Gun Day in the Senate

It's hard to measure how good or bad a day the Senate had yesterday in handling two bills - one to continue the assault weapon ban (good) and another that would have protected gun manufacturers from most types of lawsuits except in the case of manufacturing defects.

Bush doesn't want the assault weapon ban because Rove feels his constituency doesn't want it. So let's see what happens. Certainly Delay would keep it from going through the House.

As for the manufacturers, I'm divided. I have no admiration for people who manufacture anything that's best use is to shoot someone or something. While I am strongly opposed to guns, I'm willing to tolerate a free society in which responsible people can if they choose - although I personally can't understand it - own a gun they keep under lock and key.

Yet I also don't understand suing a gun manufacturer for the actions of what someone does with that gun. If you could have a suit that would end the manufacture of guns anywhere, I might join in.

But there are some problems with the logic of manufacturer suits, at least in my mind. For one, there are far more ways to hurt people and other living things than through the use of a gun. Do you sue the manufacturer of Andrea Yates' bathtub because she used it to kill her children? Do you sue the manufacturer of a car because some fool decided to drive his car into a tree to deliberately kill himself and his family?

Guns are unique, yes.

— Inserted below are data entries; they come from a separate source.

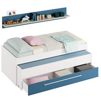 Habitdesign Letto Nido Giovanile Due Letti e Cassetto Bianco Alpi e Blu
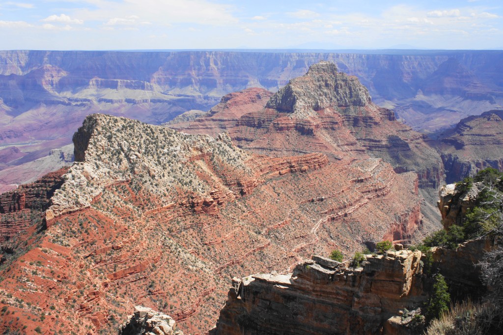 Returning to the main trail, bear left and continue south for 2/10 mile to Cape Royal, stopping at an unofficial (and unfenced!) viewpoint on the left, which sports great views of Vishnu Temple. The paved trail ends by curling around to a railed-in viewpoint and a smattering of interpretive signs. Dominating the landscape to the southwest is massive Wotans Throne, an iconic fixture of the northern half of the Grand Canyon. Beyond, one can spot Horseshoe Mesa and the Grandview area of the South Rim in the distance. Off to the southeast is Vishnu Temple again.
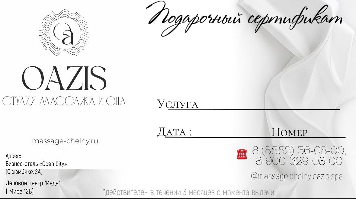 сертификат на сеанс массажа в салоне «OAZIS»
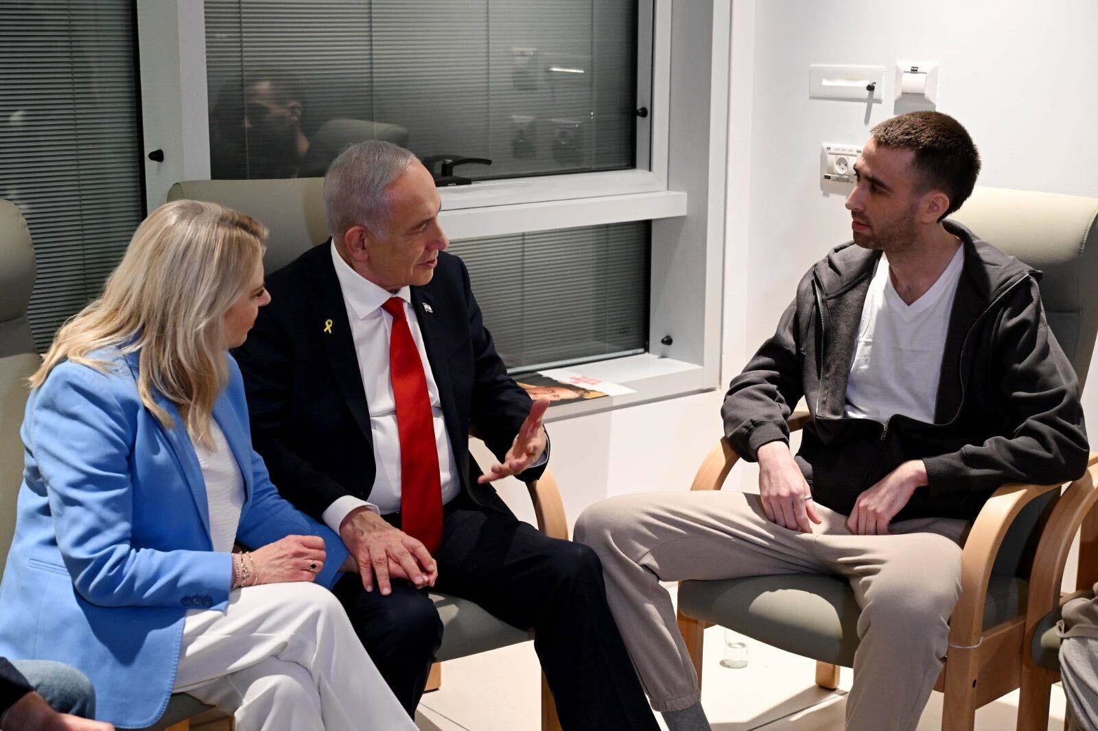 Prime Minister Benjamin Netanyahu and his wife Sara visiting released hostage Alon Ohel at Beilinson Hospital, in Petah Tikva, October 14, 2025. (Avi Ohayon/GPO)
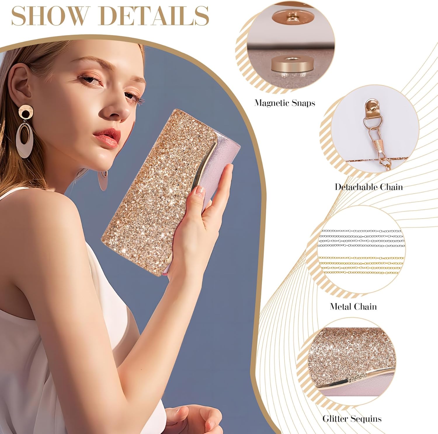 Be the first to review “Larcenciel Women’s Evening Handbags rose gold, Champagne” Cancel reply
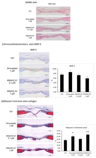 Rat calvarial bone defect treated with local simvastatin and KMUHC-01 injections. (a) The radiography study with micro-CT and the data of bone volume within the bone defect at 4 weeks postoperatively; (b) the representative sections of the histological study with hematoxylin and eosin (H&E) staining; (c) immunohistochemistry staining for BMP-2; and (d) Masson’s trichrome staining. (* p < 0.05; ** p < 0.01, comparison with control group).

The only reason to have them, to large degree, is to shoot them... or have the potential to do so. But the bigger problem isn't that a company exists that will make the product (unless they make it too freely available considering its inherent dangers). No, the real problem is that anyone wants a gun in the first place.

However, it is the ultimate responsibility of the person who commits the heinous act of shooting another being. Smith and Wesson didn't pull the trigger. Sure, there may be contributory guilt: a gun seller who deals under the table, someone who makes the gun otherwise available to someone else (a parent who leaves a loaded weapon within reach of a child, for example).